According to this concept, smooth muscle dysfunction, resulting from disruption of the interaction of serotonin with its receptors, leads to disruption of endogenous vasomotility, disruption of microcirculation, local and regional hypoxia, tissue damage and necrosis. Based on experimental and clinical studies [27, 30], it has been established that under pathological conditions in the body the number of serotonin receptor ligands increases. Serotonin receptor ligands are divided into agonists and antagonists. Serotonin antagonists, when interacting with serotonin receptors, cause paralysis of smooth muscles. Agonists, on the contrary, cause spasm of smooth muscles. Subsequently, myocytes are unable to perceive nerve impulses due to pronounced metabolic changes and intracellular electrolyte disturbances. All this leads to stretching of the intestinal loops and increased intracavitary pressure and contributes to damage to both the entire digestive system and other functional systems of homeostasis [27, 28].

The resulting stagnation is accompanied by a local increase in venous pressure, leading to inhibition of gas resorption and a further increase in intraintestinal pressure. When the latter reaches the level of diastolic pressure, fluid absorption stops, which in turn causes even more pronounced distension of the small intestine and malnutrition of the intestinal wall [21, 38].

These processes are aggravated by progressive endogenous intoxication, which increases the degree of hypoxia of the intestinal wall, forming a “vicious circle”. Exo- and endotoxins, as well as “aggression factors” and metabolic products of continuously multiplying microflora colonizing the proximal sections, have a toxic effect on the intestinal wall directly and indirectly [52]. When the suppression of intestinal motility is accompanied by a decrease in intramural blood flow, the intensity of the digestion and absorption processes decreases sharply, reaching a critical level. The extent of disturbance of local blood flow primarily depends on the degree of dilatation of the intestinal loop and the force of compression of the vessels in its wall. When the pressure level in the intestinal lumen is above 100 mm Hg. there is a profound disruption of the filtration function of capillaries with a sharp limitation of oxygen consumption by tissues and an increase in ischemia of the intestinal wall, which develops when the blood flow in it decreases by 50% of the proper value [48].

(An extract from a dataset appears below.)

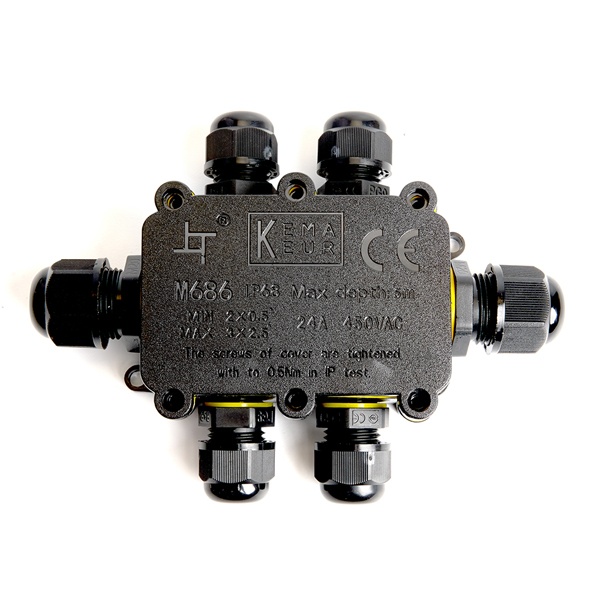 • Коробка распаячная Stekker LD526 140х100х36 водонепроницаемая 6 выходов 450В черная IP68
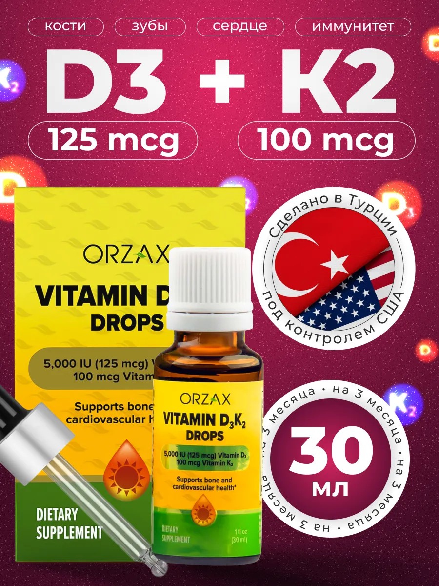 Vitamin D3K2 от турецкого бренда Orzax - эффективные бады, разработанные для здоровья всей семьи. Капли включают высокую концентрацию холекальциферола (1000 международных единиц) и менахинона-7 (100 мкг). Пищевая добавка полезна для женского, мужского и детского организма. Натуральная формула продукта, состоящая из комбинации Д3 и К2, обеспечивает максимальную эффективность в укреплении иммунитета, костей и зубов, поддержании здорового сердца и сосудов. Витамин Д играет важнейшую роль в регуляции уровня кальция в крови, а K2 предотвращает его отложение. Препарат улучшает настроение и когнитивные способности, способствует нормальному функционированию мышц и суставов, повышая результативность спортивных тренировок и выносливость, поддерживает сердечно-сосудистую систему, уменьшает риск возникновения судорог и рахита у детей. Форма выпуска витаминного комплекса д3к2 удобна в приеме, как таблетки или капсулы. Жидкий бад подходит для взрослых женщин, мужчин, пожилых и подростков. Беременным девушкам и кормящим мамам, перед началом применения мультивитамина, следует проконсультироваться с врачом. Товар, произведенный в Турции, не содержит глютен, сахар и лактозу. Флакон поставляется с пипеткой, позволяющей точно дозировать продукцию. ПопробуйтеОрзакс с d3 уже сегодня и почувствуйте разницу в своем самочувствии! Дозировку можно регулировать ( 5000, 2000).

Under conditions of intestinal ischemia, the content of oxygen and nutrients in tissues decreases (with an increase in the concentration of active toxic oxidants), tissue acidosis develops, and hyperproduction of paracrine substrates occurs (histamine, serotonin, bradykinin, nitric oxide, leukotrienes, thromboxanes, interleukins-1, 2, 4, 6, 8, 10, endothelins, complement and thrombin) [9, 18, 33]. At the same time, in our opinion, the reserves of these substances are depleted, which can ultimately lead to their persistent deficiency.

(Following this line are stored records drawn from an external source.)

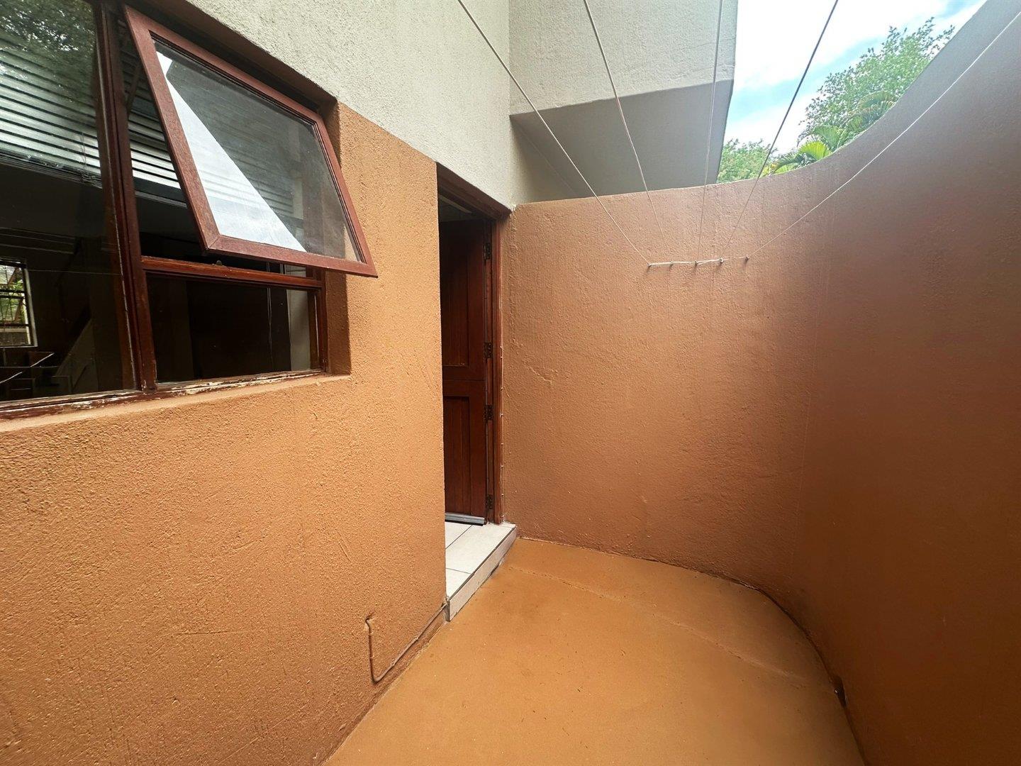 On the ground floor, the open-plan lounge and dining area flows into a modern kitchen. There’s a small study nook, perfect for working from home. The living area opens onto a private patio with a built-in braai, leading straight into the leafy communal garden. Ideal for outdoor entertaining. A private courtyard with a washing line adds convenience, and there’s also a guest loo downstairs.
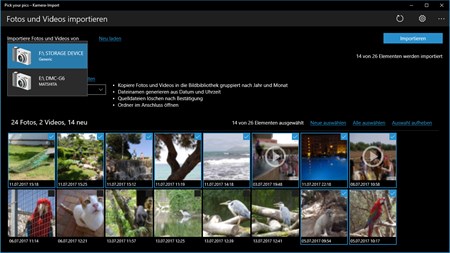 Die App verwendet zum Importieren die Windows-Systemdienste. Damit arbeitet sie sehr zuverlässig und ist auf Geschwindigkeit optimiert. Sie kann mit Paaren von Dateien, wie RAW + JPEG, sowie mit segmentierten Videodateien umgehen.
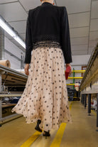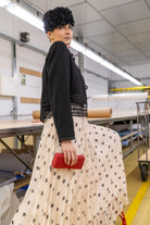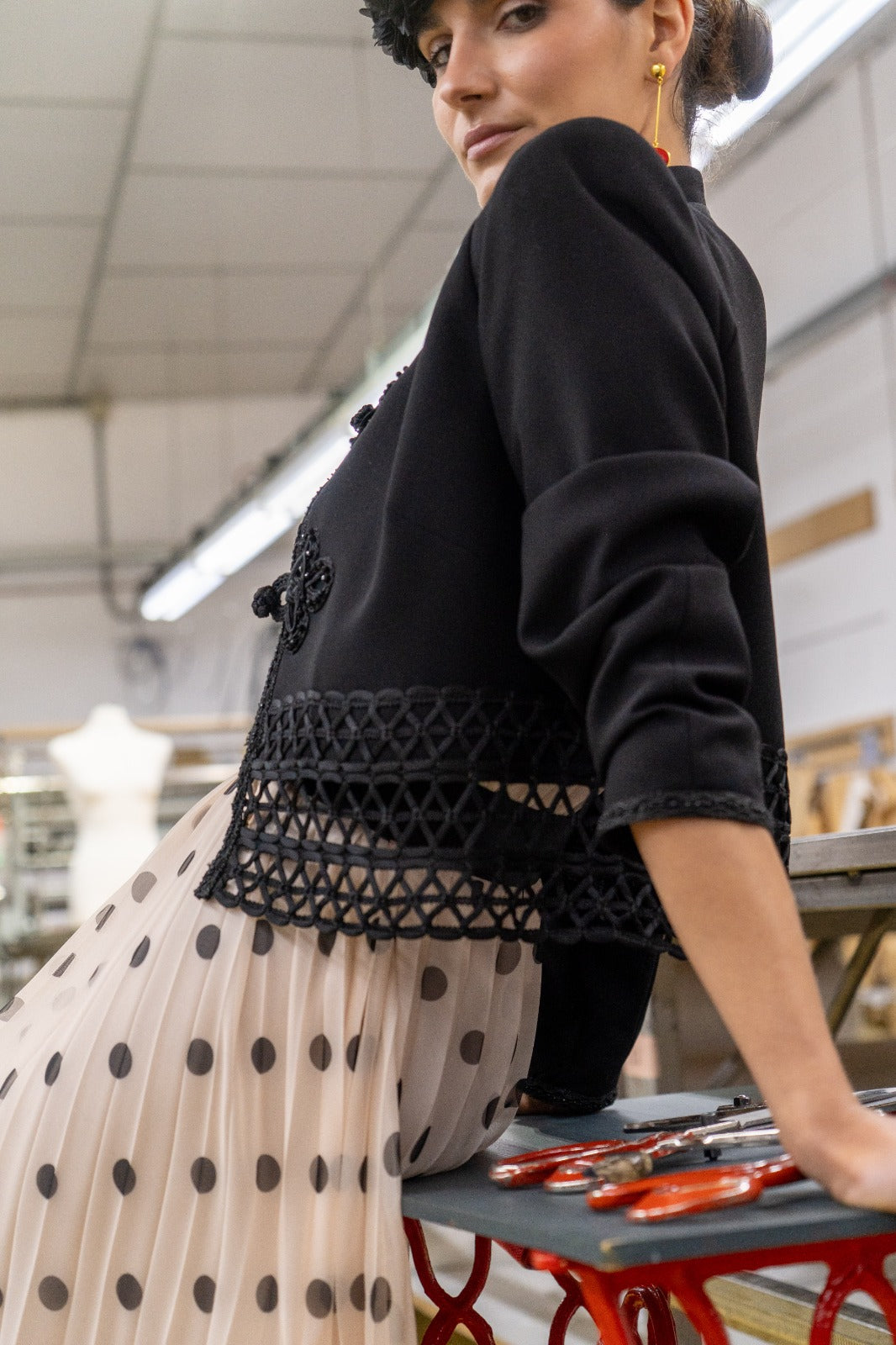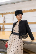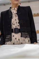Short black jacket with toggle closure detail, mandarin collar, long sleeves, and guipure hem. In black.
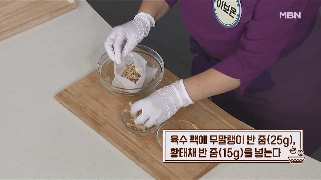 4. 육수 팩에 무말랭이 반줌(25g), 황태채 반줌 (15g)을 넣어줍니다.
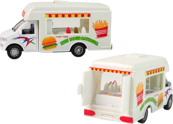 V kompletu najdete dva modela kamperjev. Eden deluje kot lodziarnia, drugi kot fast-food. Postanite voznik, ki razveseli vsakega otroka s slastno hrano. Kamperji so beli, opremljeni z zna0dilnimi nalepkami za vsak model.

With the development of intestinal paresis and, as a consequence, a delay in the passage of intestinal contents, intensive growth and changes in the microflora of the small intestine occur. In conditions of inflammation of the peritoneum, an imbalance develops between different types of microorganisms and their distribution in different parts of the intestine. Increased reproduction of pathogenic allochthonous (foreign, not from a given part of the gastrointestinal tract) microflora weakens the local immune defense of the mucous membrane, leading to a decrease in its barrier function, inhibition of the functional activity of the lymphatic and reticuloendothelial systems, loss of the antagonistic properties of normal intestinal microflora in relation to pathogenic and putrefactive microbes, a decrease in vitamin-forming and enzyme functions [18].

This significantly affects the effectiveness of anti-infective protection in general. Capsular antigens of protein and polysaccharide nature secreted by pathogenic microorganisms provide the selective possibility of their adhesion to the surface of enterocytes. After fixation of microbial cells, their proliferation is observed. The enterotoxin (endotoxin) released in this case causes a disruption in the transport of electrolytes, which causes increased secretion into the intestinal lumen, water imbalance and severe dehydration of the body. Exotoxins produced by allochthonous pathogenic microorganisms lead to metabolic dysfunction of integumentary cells, disruption of the relationship between secretion and absorption of fluid, and give a cytotoxic effect, accompanied by the destruction of cell membranes of epithelial cells [6, 9, 52].

The multidirectional impact of these numerous pathogenic factors on the structural formations of the intestinal mucosa leads to a sharp change in its properties (especially barrier properties) and a “breakthrough” of pathogenic microflora into the lymphatic bed, portal blood flow and even into the free abdominal cavity. This process is called “bacterial translocation” [18, 21, 74].

Currently, it is this syndrome that is assigned the leading role in saturating the body with endotoxin (with the inclusion of the lipopolysaccharide complex), which is the main inducer of the development of systemic inflammatory response syndrome, abdominal sepsis and multiple organ failure. It is the intensity of bacterial translocation that is associated with the nature and severity of endogenous intoxication, the development and progression of multiple organ dysfunction syndrome [6, 9, 18, 21, 52, 74].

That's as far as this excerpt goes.